Sudé, sudé a pesar que todo está nevado y con frío. El sudor me corría por la frente y la nuca con hartas gotas que dejaban las palmas de mi mano mojadas, fue una carrerita en vano pues yo pensé que el tren salía a la hora que creí era la hora de la partida pero no, tenía amplio tiempo sin saberlo y el buen tramo que corrí con el miedo de que el tren arrancará sin mi me hizo sudar en cuanto tomé un asiento en el interior del tren.

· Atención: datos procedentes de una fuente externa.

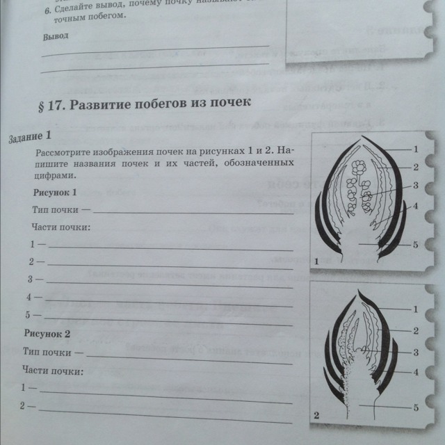 Почки у плодовых растений бывают двух типов: вегетативные и плодовые. Они обычно закладываются в пазухах листьев. Из вегетативных ночек развиваются листья и побеги, а из плодовых — цветки и потом плоды (смотри по рисунку)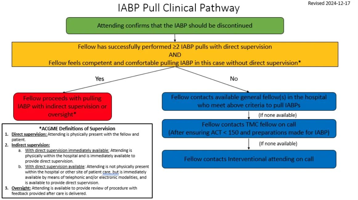 In the very rare situation that attending requests IABP to be pulled after 5 pm for some reason (e.g., ACT didn’t come down < 150 during the day, etc.),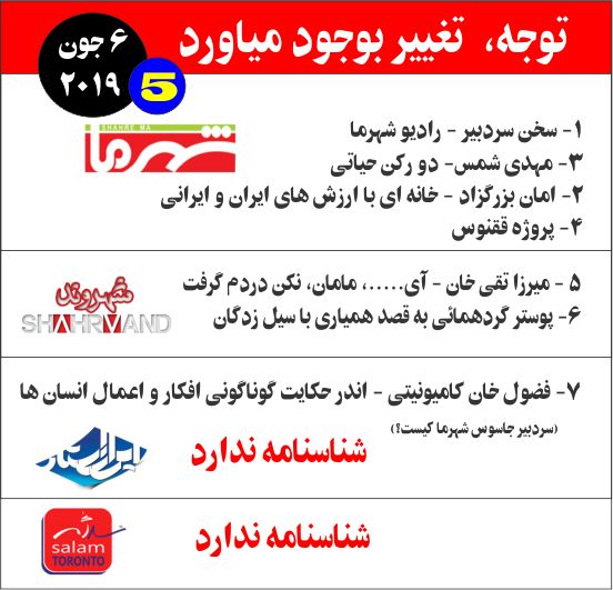 این هم پنجمین بررسی هفتگی رسانه ها که در صفحه فیسبوکی بچه های تورنتو به اشتراک میگذارم. پوستر ها در همه صفحات و بررسی ها در صفحات ذکر شد در بخش کامنت ها صورت گرفته اند. من این حرکت را با شعار "توجه، تغییر بوجود میاورد"، با هدف بوجود آوردن تغییرات در رسانه ها، بخصوص اینکه خوانندگان بتوانند جایگاهی در رسانه ها که همگی وابسطه به آگهی های تجاری هستند، پیدا کنند آغاز کرده ام. در همین مدت کوتاه متوجه شدم که کار بسیار جالبی میباشد و میتواند به پروژه های بزرگتری مبدل گردد. مهمتر از آن اینکه از هم اکنون حس میکنم که در نگرش من نسبت به رسانه های تغییراتی بوجود آمده است. مطمئن هستم که اگر این حرکت با مشارکت تعداد بیشتری از افراد با نگرش های مختلف صورت بگیرد وسیعتر و غنی تر هم میشود.

Mi camisa interior blanca sin mangas, mi camisa color aceituna, mi sueter sin cuello de lana grisnegro, mi bufanda azulgrisverde oscura y mi chamarra de piel negra me hicieron sudar y sentí un calor pulsandome dentro de mi mientrás que la calefacción de la locomotora trabajaba a toda maquina para tener a los pasajeros sin frío. Sudé mientrás me quitaba prenda por prenda hasta quedar con sólo la camisa verde aceituna de mangas largas. Compusé por lo tanto, mientrás observaba mis alrededores y el caballo de hierro sonaba su claxón para avisar a incautos por ahí, animales todos, un poema en inglés para matar el tiempo:

Experience


Beautiful grey
Tin made full,
of things with yore to do.

Ore melted gore,
of stuff done before.
Weighing heavy by the day.

Silver linings
In ill-advisings,
I can only now
fully appreciate.



y así transcurrió una media hora en un tren a un pueblo para tomar un bus para mí pueblo y después caminar hacia mi casa amarilla vestida de blanco por eso del hielo que cae del cielo.